_WHAT THE EXERCISE ASKS_:
Write the listing out again word for word, leaving each picture behind.

_DATA PROVIDED_:
────────
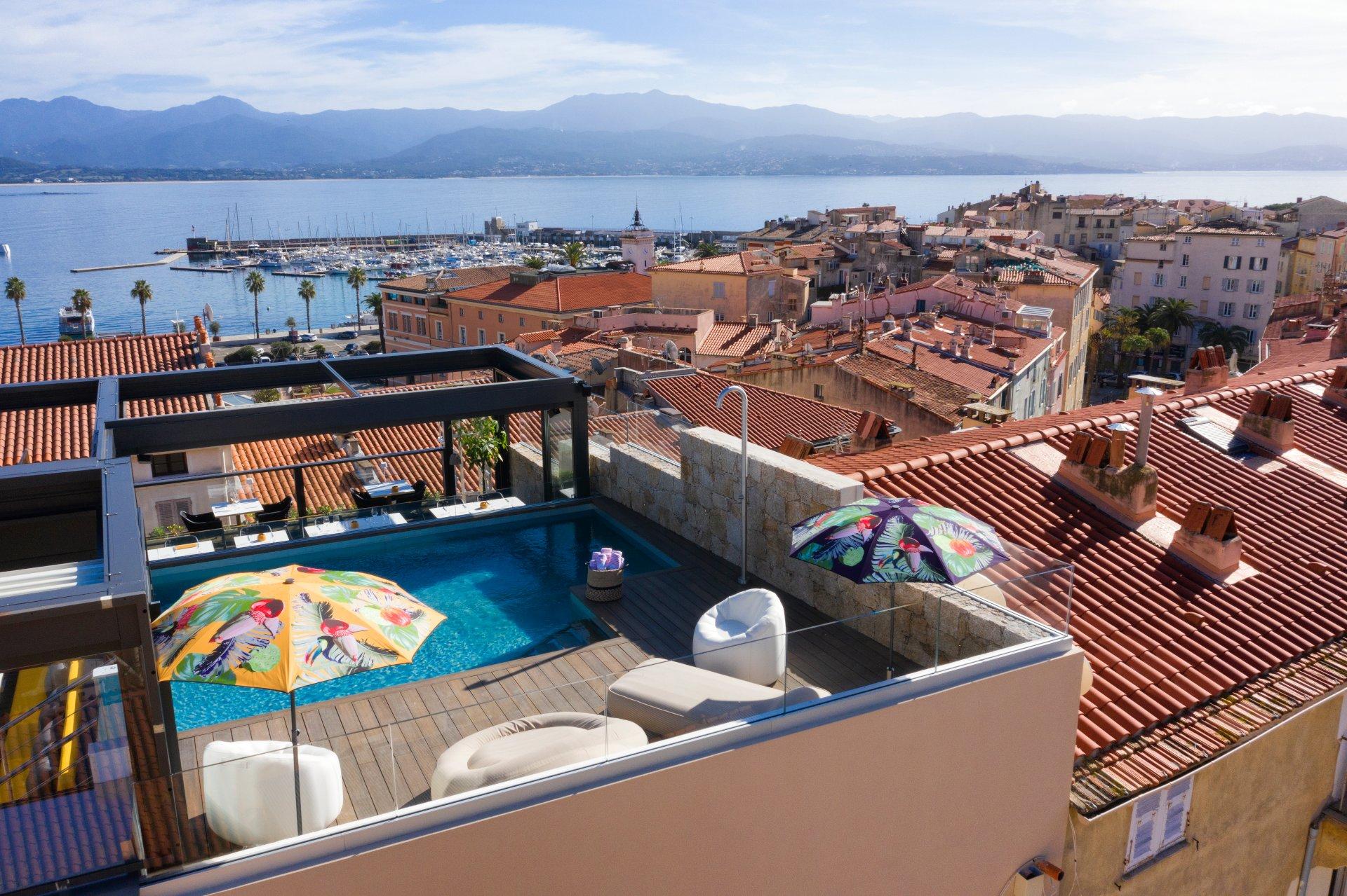 Grande nouveauté pour un hôtel du centre ville d'Ajaccio, la piscine chauffée est située en extérieur, sur le toit. Mais elle ne fait pas partie du très bel espace bien-être qui se trouve dès l'entrée de l'hôtel, au premier niveau.
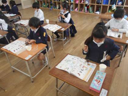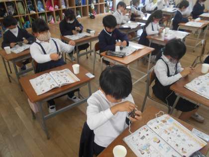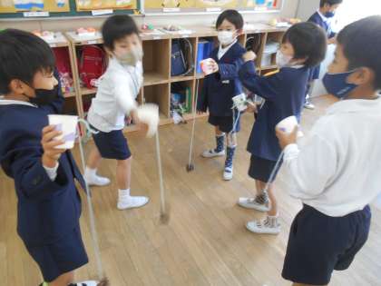 まつぼっくりを使ってけん玉を作りました。まつぼっくりと紙コップに毛糸を結びつけて作りました。紐の長さを調整するのが難しかったですが、出来上がってみんなで一緒にやってみました。失敗しないで何度も続けて入れる子もいました。(1組の様子です。)
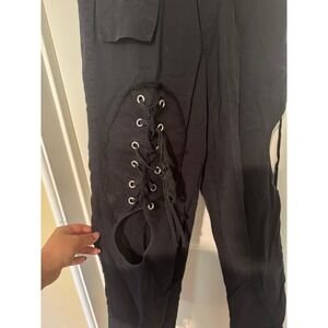 Edgy black joggers with unique distressed detailing. These pants feature a comfortable fit with an elastic waistband and a modern silhouette. The standout design includes lace-up accents and strategic cutouts, adding a bold and trendy touch. Perfect for making a statemen.
────────
_RESPONSE TO THE TASK_:
 Grande nouveauté pour un hôtel du centre ville d'Ajaccio, la piscine chauffée est située en extérieur, sur le toit. Mais elle ne fait pas partie du très bel espace bien-être qui se trouve dès l'entrée de l'hôtel, au premier niveau.
 まつぼっくりを使ってけん玉を作りました。まつぼっくりと紙コップに毛糸を結びつけて作りました。紐の長さを調整するのが難しかったですが、出来上がってみんなで一緒にやってみました。失敗しないで何度も続けて入れる子もいました。(1組の様子です。)
 Edgy black joggers with unique distressed detailing. These pants feature a comfortable fit with an elastic waistband and a modern silhouette. The standout design includes lace-up accents and strategic cutouts, adding a bold and trendy touch. Perfect for making a statemen.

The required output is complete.